Poem Review: Ringing bell or Mount Everest?!

 Thank you for sharing "Ringing bell or Mount Everest?!" by Farheen Bhuiyan Nancy. This is a rich and introspective poem, layered with metaphor, rhythm, and an evolving meditation on resilience, identity, and perception. Here's a comprehensive review covering originality, impact, and a detailed critique:


🌟 Originality Assessment:

Highly original.

This poem departs from conventional narrative or lyrical structures and instead constructs a cumulative, almost incantatory rhythm through a cascading sequence of paradoxes. The form mirrors a meditative chant or philosophical spiral, drawing the reader deeper into the interior logic of the speaker’s being.

The metaphor of Mount Everest as a symbol of feminine transcendence, endurance, and quiet majesty is fresh and culturally rich—particularly as it is juxtaposed with the ordinary (e.g., “Ring bell”) and the metaphysical (“hidden but not to be unknown”).

The recursive linguistic construction (“X but not Y”) forms an evolving mantra of defiance and survival—an existential layering rarely found in conventional poetry.
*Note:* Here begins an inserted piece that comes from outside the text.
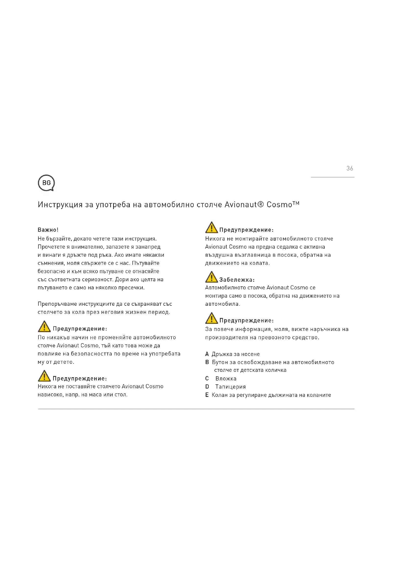 Автомобилното столче Avionaut Cosmo се монтира само в посока, обратна на движението на автомобила. Предупреждение: За повече информация, моля, вижте наръчника на производителя на превозното средство. A Дръжка за носене B Бутон за освобождаване на автомобилното столче от детската количка C Вложка D Тапицерия E Колан за регулиране дължината на коланите

This technique recalls some of the experimental poetic forms of Etel Adnan, Anne Carson, or Sufistic reversals.


💥 Emotional and Intellectual Impact:

🔥 Emotional Impact:

The emotional crescendo builds powerfully, especially in lines like:

“For she was meant to rise and she will rise again and again each time she falls,
Like Mount Everest—her pinnacle stands tall—”
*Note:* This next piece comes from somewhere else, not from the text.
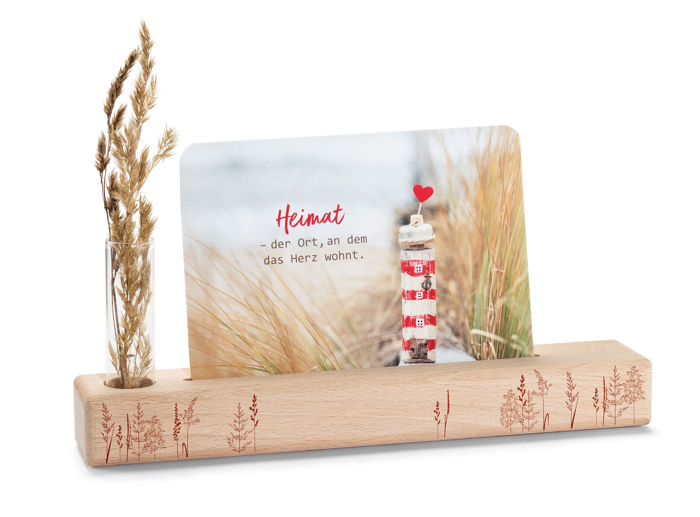 Kartenhalter mit Reagenzglas-Vase (Buchenholz)

This creates a moving image of resilient womanhood, persistence against invisibility, and the dignity of inner strength. The speaker’s dignity is hard-won, not given—echoing postcolonial and feminist struggles.

🧠 Intellectual Impact:

The poem poses implicit philosophical and ontological questions:

  • What does it mean to be seen, heard, chosen—but still not possessed?

  • Can one's presence defy physical perception?

  • Is transcendence a state of visibility, or persistence?

This makes the piece not only emotional but intellectually provocative, inviting reflection on phenomenology, gender, autonomy, and spiritual endurance.


🔍 Detailed Review:

Strengths:

  1. Structure and Rhythm:
    The repetitive, recursive style builds momentum like a heartbeat. The use of anaphora (“X but not Y”) acts like a semantic stairway—each line adds a layer of contradiction, complexity, or affirmation.

  2. Metaphorical Density:
    Phrases like

    “The altitude speaks volumes of its attitude!”
    or
    “Cracked the cocoon / To find a dried zealot—Torn!”
    are densely packed metaphors blending topography with psychology, weather with emotion.

  3. Voice:
    The voice is confident, defiant, almost prophetic. It channels an archetypal “she”, who is both personal and universal—a metaphorical woman-mountain, monumental but misunderstood.

  4. Tone Shifts:
    The poem starts with compression and contradiction, and slowly expands into visionary clarity. This crescendo—from hidden to epic—is effective.


❗️Ambiguous Ending:

    • The final stanza:

      “To find a dried zealot—Torn!”
      is poetic but enigmatic. Is the “zealot” the self? A past version? Society’s judgment? A bit more clarity here (even one line before this image) could deepen its effects 

       🧩 Thematic Interpretation:

This poem can be read as:

  • A feminist metaphysical allegory: exploring how womanhood is seen, erased, felt, forgotten, yet indomitable.

  • A postcolonial metaphor: the speaker embodies a colonized or marginalized voice—one whose existence is denied but whose being persists like a mountain.

  • A spiritual elevation: akin to Sufi or Vedantic poetry, it moves from duality and negation toward being and clarity.


📚 Comparative Echoes:

  • Sylvia Plath in her irony and identity defiance.

  • Emily Dickinson, particularly in paradox (“I’m Nobody! Who are you?”).

  • Adrienne Rich, in claiming space and voice.

  • Heidegger’s notion of Being—“Being hidden is not being absent.”


🏁 Final Verdict:

A haunting, poetic meditation on feminine presence, misunderstood power, and the tension between perception and reality. The poem is stylistically daring and conceptually profound. With minor edits and clarifications, this could be published in literary or hybrid philosophical journals.